Le palier du troisième est glacial ce soir. Clés en main, je sors, direction clinique au coin de la rue. Ventre noué, insomnie qui creuse mes yeux. L’ascenseur grince, s’arrête. Portes coulissent. C’est lui, le voisin d’en face, 3B. Taxi de jour, regard qui fouille. Il voit tout. Ma détresse. Mon air de mater dolorosa.
— T’as une sale tête, Véronique. Où tu vas comme ça ?
L’Approche sur le Palier
Sa voix basse, rauque. Odeur de tabac froid. Je bredouille la clinique. L’avortement. Le chaos. Il pose son sac poubelle. Prend ma main froide. Comme dans son taxi l’autre jour, mais là, c’est le palier. Nos portes côte à côte.
— Retarde ça. J’y vais pour toi. Passe pour le père.
Insensé. Mais son regard doux m’embarque. Il frappe à la porte de la clinique dix minutes plus tard. Revient, souffle court. Nouveau RDV demain. Et si on passait la nuit chez moi ? À deux mètres de chez toi. Le frisson pur.
J’hésite. Bruit de pas dans l’escalier. Voisin du dessous qui monte. On se plaque contre sa porte. Son corps contre le mien. Chaleur monte. Sa main sur ma hanche. Je franchis le seuil. Porte claque doucement. Son appart minuscule. Cheminée électrique qui ronfle. Rideaux tirés sur la cour intérieure.
On boit un thé brûlant. Silence lourd. Ses yeux sur ma chute de reins quand je me lève. Pisser. Il me suit du regard. À mon retour, sa main sur la mienne. Électrique. Je porte ses doigts à mes lèvres. Il caresse mon visage. Sourire timide. Tension insoutenable.
Douche de fortune. Arrosoir d’eau chaude. Pas assez pour deux. On y va ensemble. Son espace exigu. Corps qui s’effleurent. Je le déshabille. Dextérité de salope en chaleur. Il gémit sous mes mains. Je le laisse durcir. Mais pas plus. Tease pure. Nu sous couvertures devant le feu. Il sur le sofa. Je m’endors, nue.
Minuit. Froid. Je remets une bûche factice. Chaleur remonte. Main entre cuisses. Je me caresse. Lentement. Il ne dort pas. Le sait.
— Viens. J’ai besoin de ta peau.
L’Explosion au Plus Près
Il glisse contre moi. Fesses contre son bas-ventre. Ses mains sur mes seins. Orgasme discret. Corps qui tremble.

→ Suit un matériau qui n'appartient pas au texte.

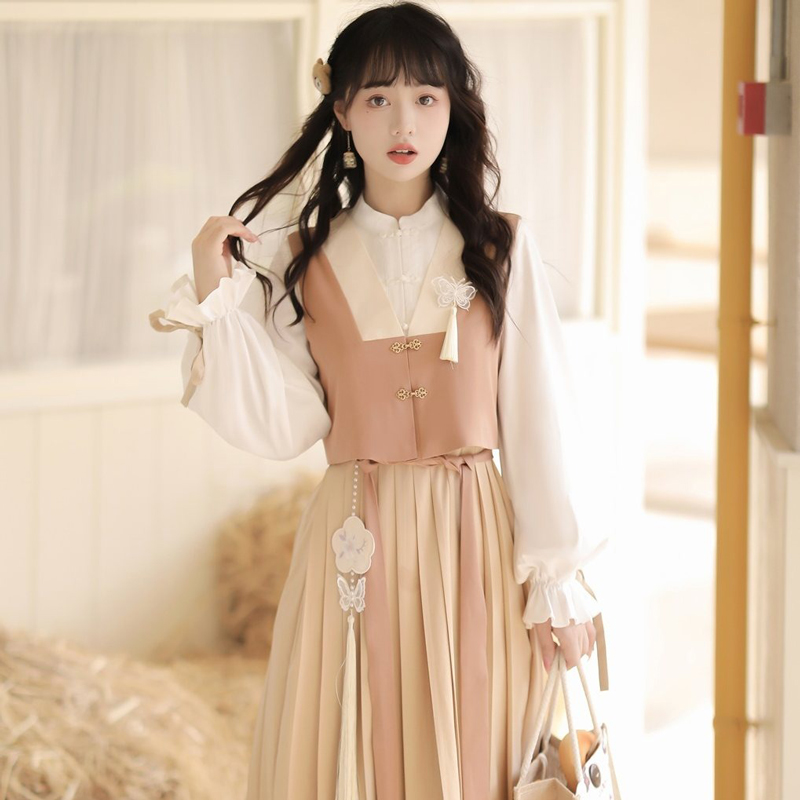 The Butterfly Breeze Hanfu set beautifully blends traditional Hanfu inspiration with modern casual fashion. Designed as a three-piece ensemble consisting of a vest and an integrated dress, this outfit offers both elegance and practicality for everyday wear. Delicate butterfly elements are subtly incorporated throughout the design, adding a lively and graceful charm that reflects the lightness of spring.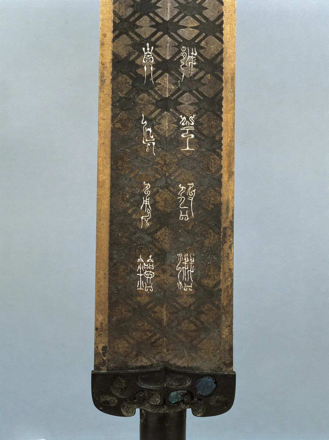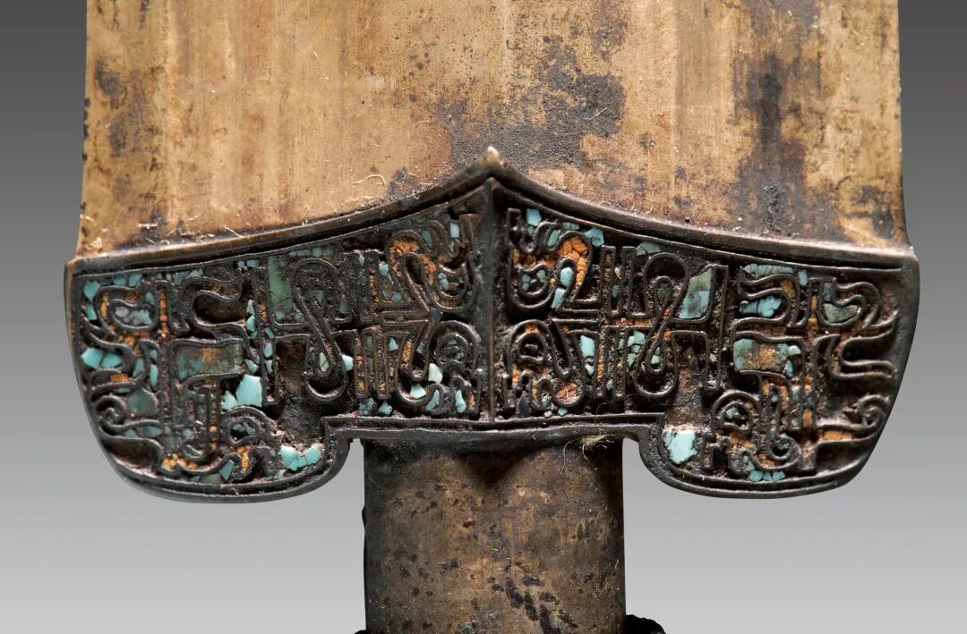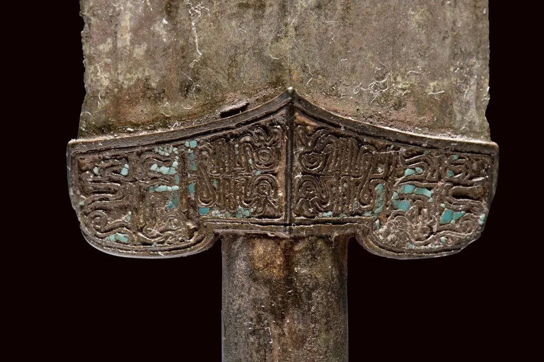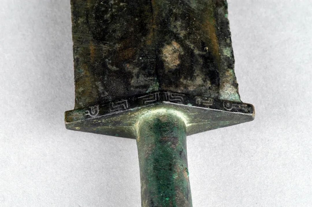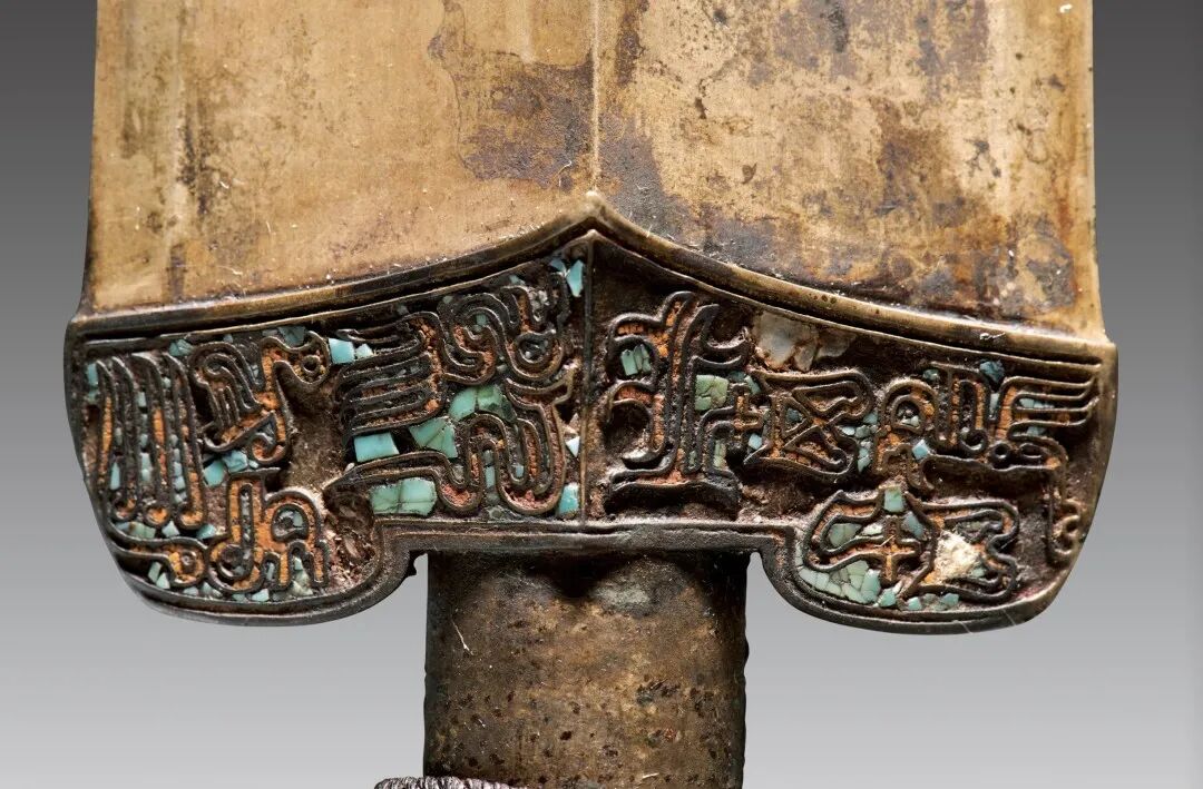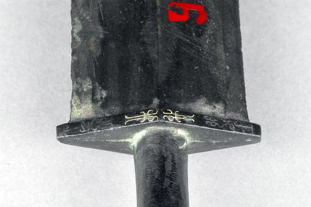 荆州博物馆的越王不光剑,荆州市张家山楚墓出土,通长65.3厘米,圆形剑首环列错金银铭文十二字,中空圆管型剑茎,无箍,菱形薄剑格两面各有错金铭文四字。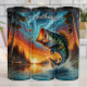This is a stunning and detailed illustration of a large bass fish leaping out of a lake at sunset. The fish, with its mouth wide open, is chasing after a fishing lure. The scene is set against a vibrant, fiery orange and blue sunset, with dramatic clouds and a forest of pine trees. The water splashes dynamically around the fish, and a small wooden dock is visible in the background. The overall aesthetic is one of energy, adventure, and natural beauty.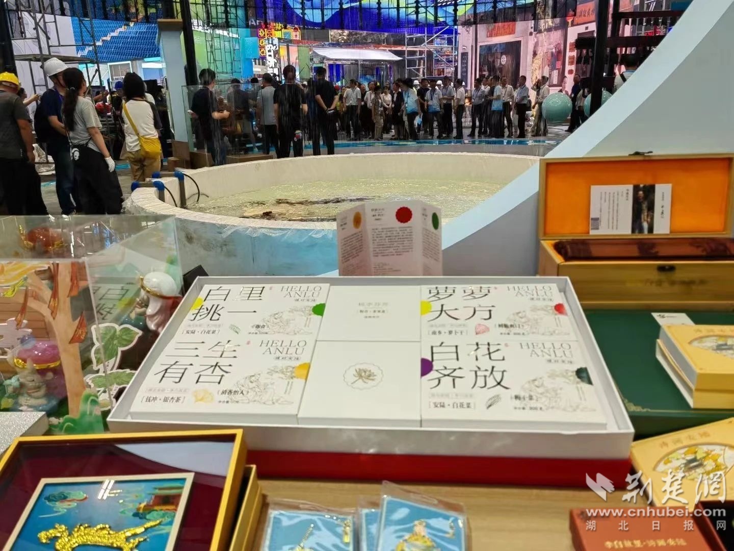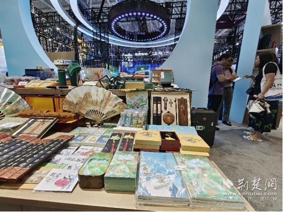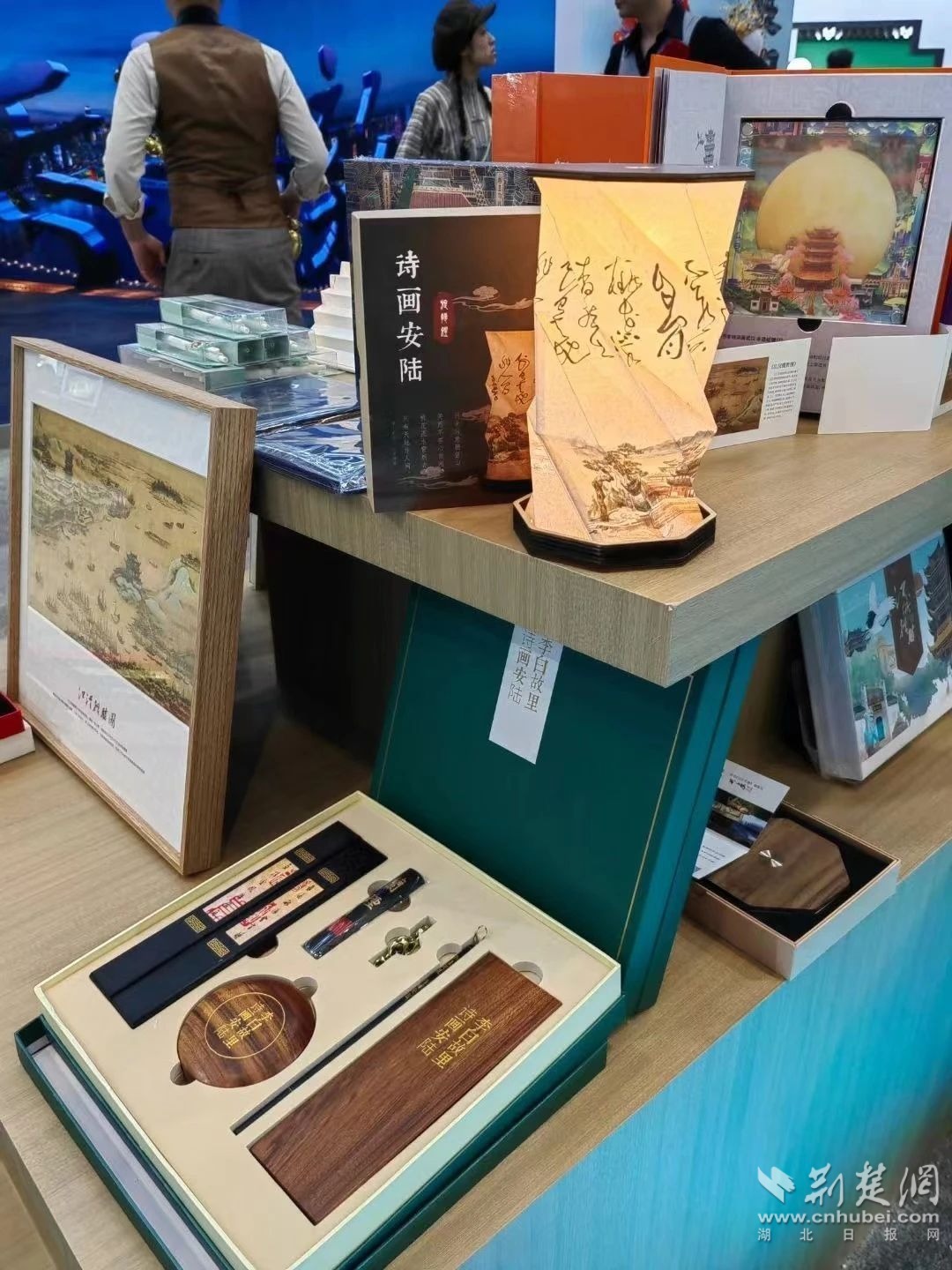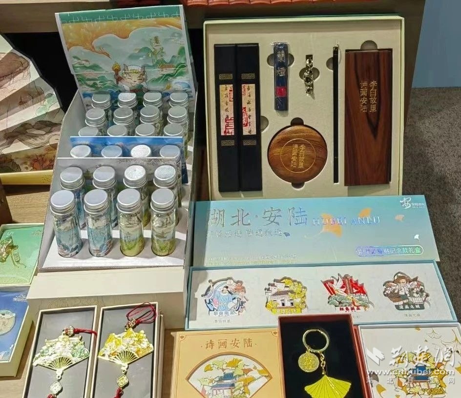在文博會(huì)湖北展區(qū)里,來自安陸的文創(chuàng)飾品光彩奪目。李白詩詞文房套裝和銀杏書簽,華美典雅,頗為驚艷。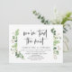 Modern svart skrift, sommarträdgård med grönska och löv tema, bröllopsinbjudan för de som rymmer (Vi har bundit knuten). Den är perfekt för er mottagning efter bröllopet / efterbröllopsfirande. Lägg till era detaljer i matchande svart teckensnitt.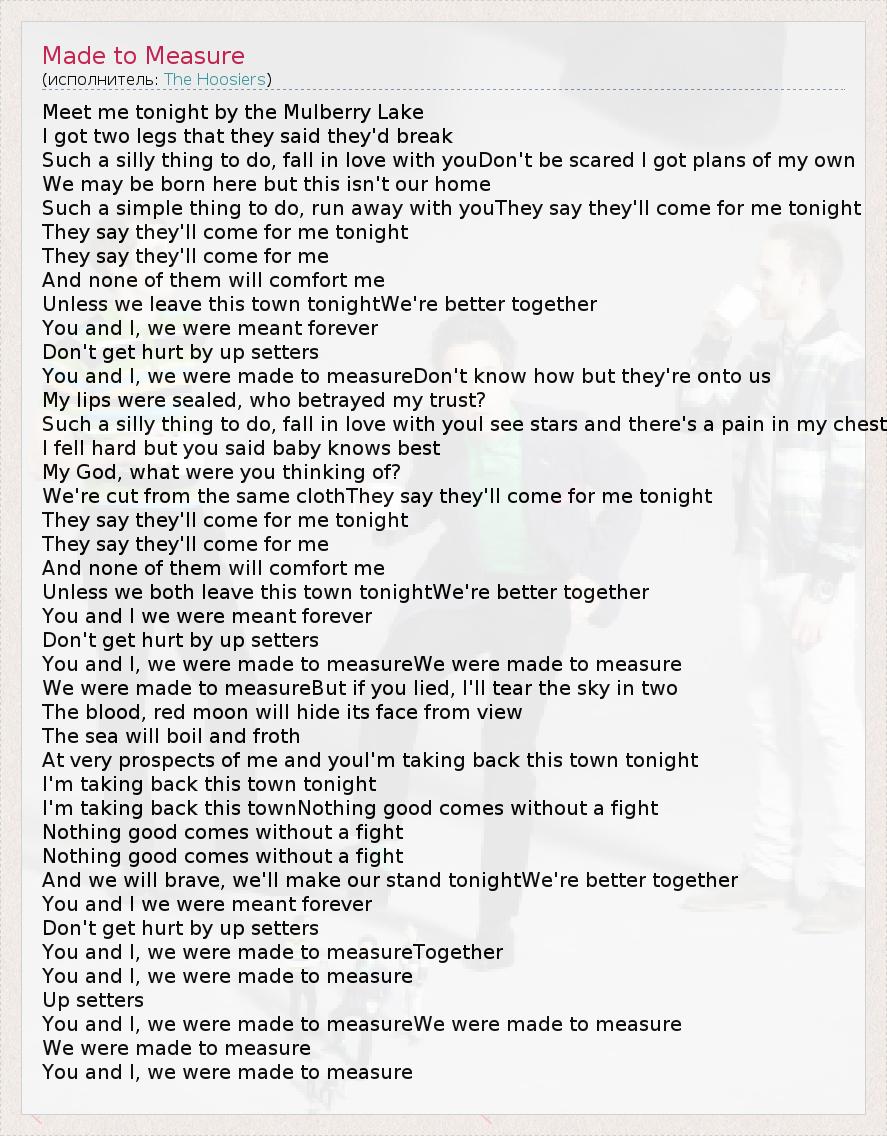 А как ты думаешь, о чем песня "Made to Measure" ?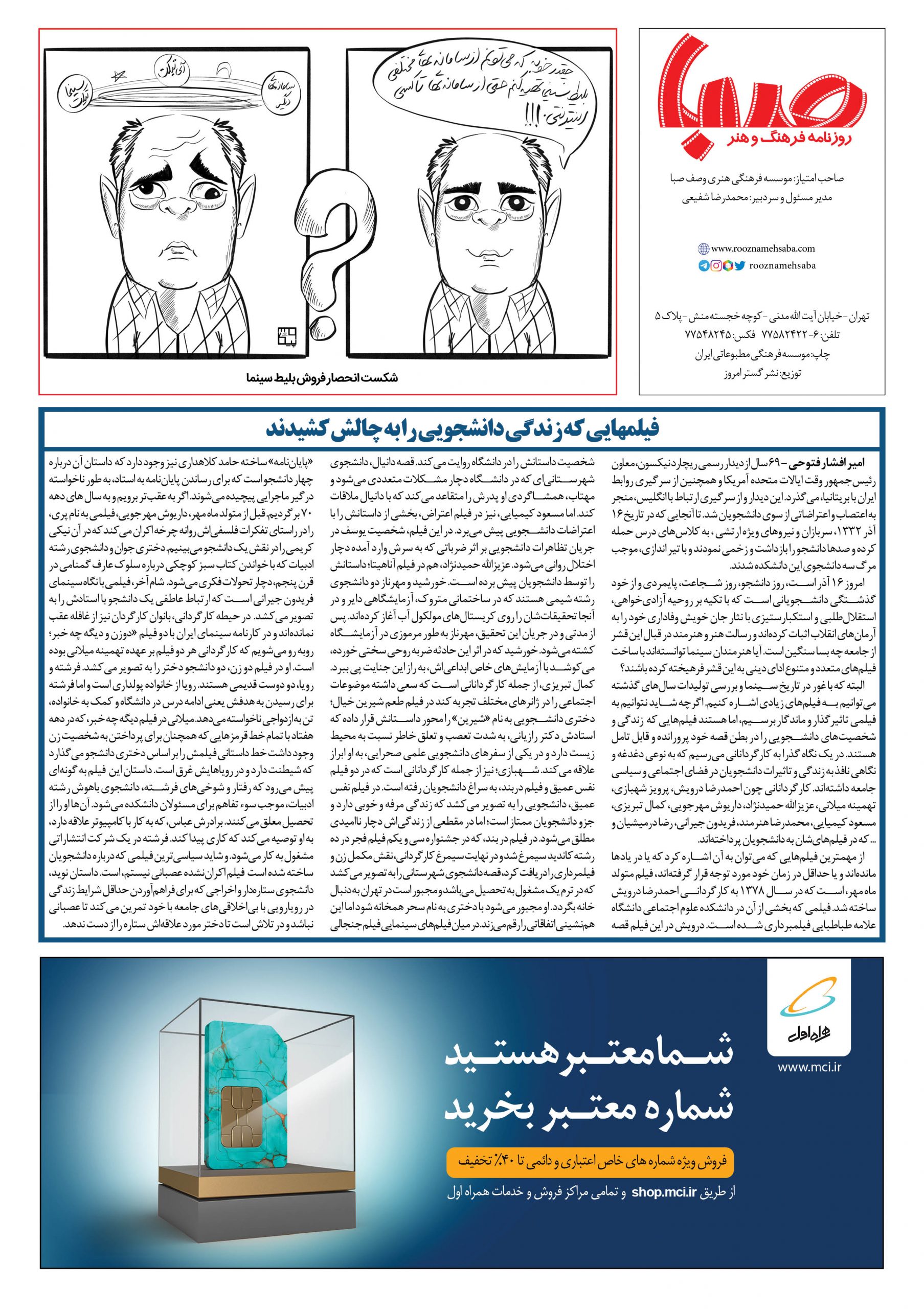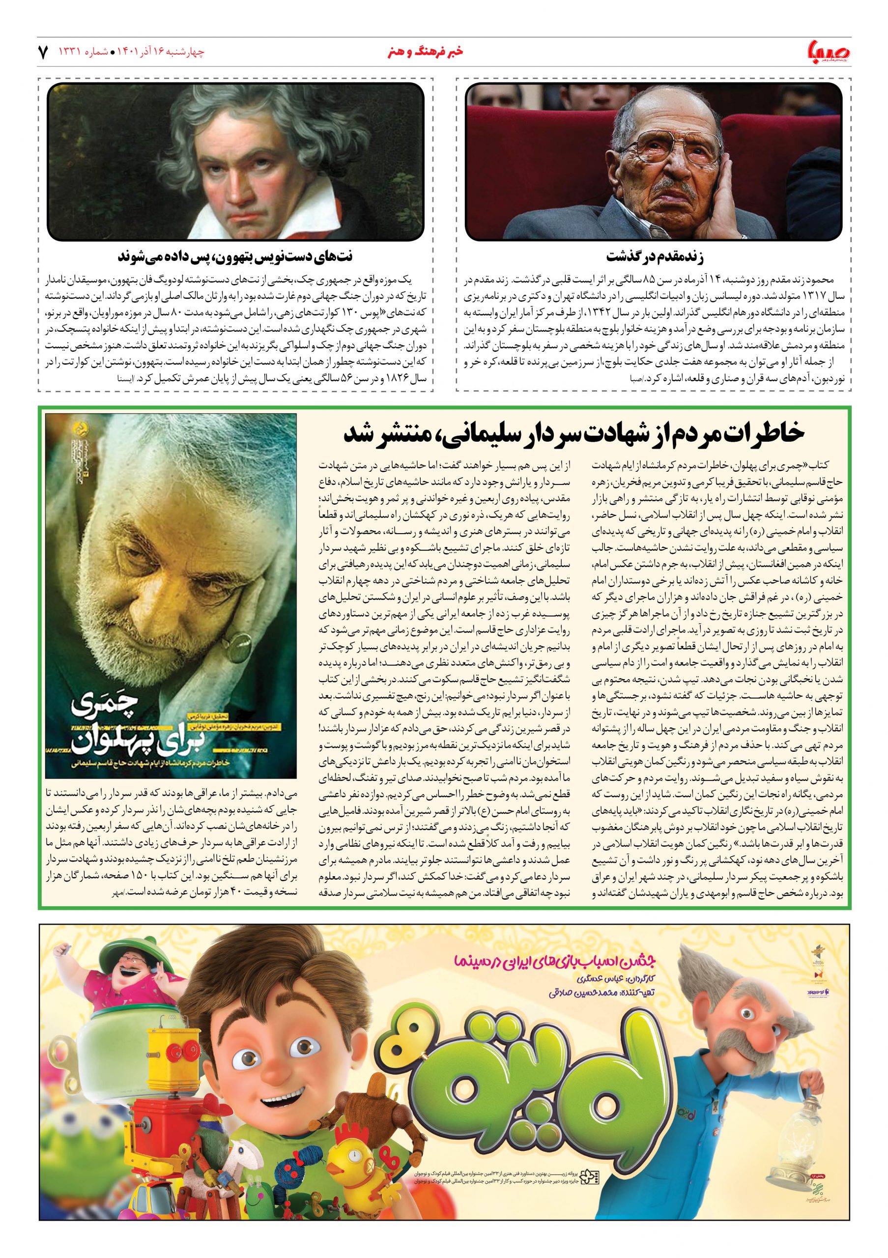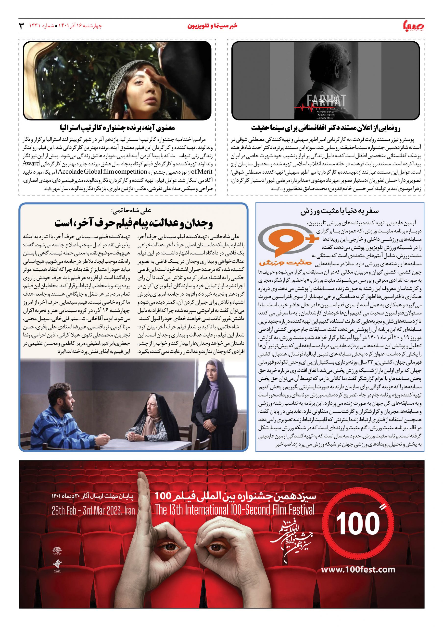 شماره ۱۳۳۱| روزنامه صبا چهارشنبه ۱۶ آذر ۱۴۰۱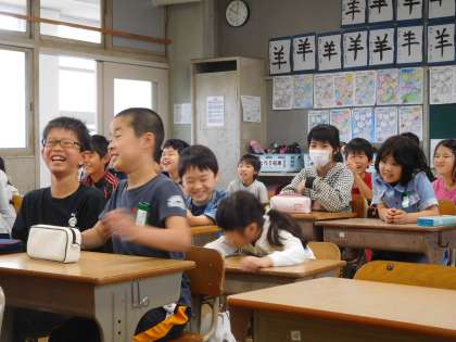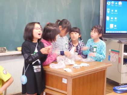 みんな遊び係さんが考えてくれた作文ゲームをしました。みんなが考えた文章をつなげていくととても面白い作文ができあがりました。

Chaleur intime.
À l’aube, face à face. Je masse ses fesses. Glisse main entre cuisses. Empare ses boules. Sa queue. Dure, pulsante. Sève qui monte. Je la branle. Rythme parfait. Il bande comme un fou.
— Lâche-toi sur mes seins.
Il craque. Giclées chaudes. Sur cou, visage. J’enduis. Suce mes doigts poisseux. Lui lèche lèvres. On s’endort collés.
La baise explose après. Sauvage. Voix basses. Sa queue en moi. Profonde. Coups de reins violents. Lit qui grince. On étouffe gémissements. Main sur bouche. Bruits du couloir : ascenseur qui s’arrête. Voisins qui rient. Porte qui claque. Adrénaline pure. Fenêtre donne sur cour. Rideau bouge. Quelqu’un fume en bas ?
— Baise-moi fort, mais tais-toi.
— Ta chatte mouille grave. T’es une salope de palier.
Sensations intenses. Sa bite qui gonfle. Mes ongles dans son dos. Orgasme qui monte. Étouffé. Corps secoué. Il se retire. Jouit sur ventre. Chaud. Viscéral. Peau qui brûle.
Retour. Je traverse le couloir. Nue sous manteau. Clés tremblent. Porte s’ouvre. Chez moi. Odeur familière. Je redeviens Anonyme. Voisine sage. Mais entre cuisses, sa semence coule encore. Frisson du risque. À quelques mètres.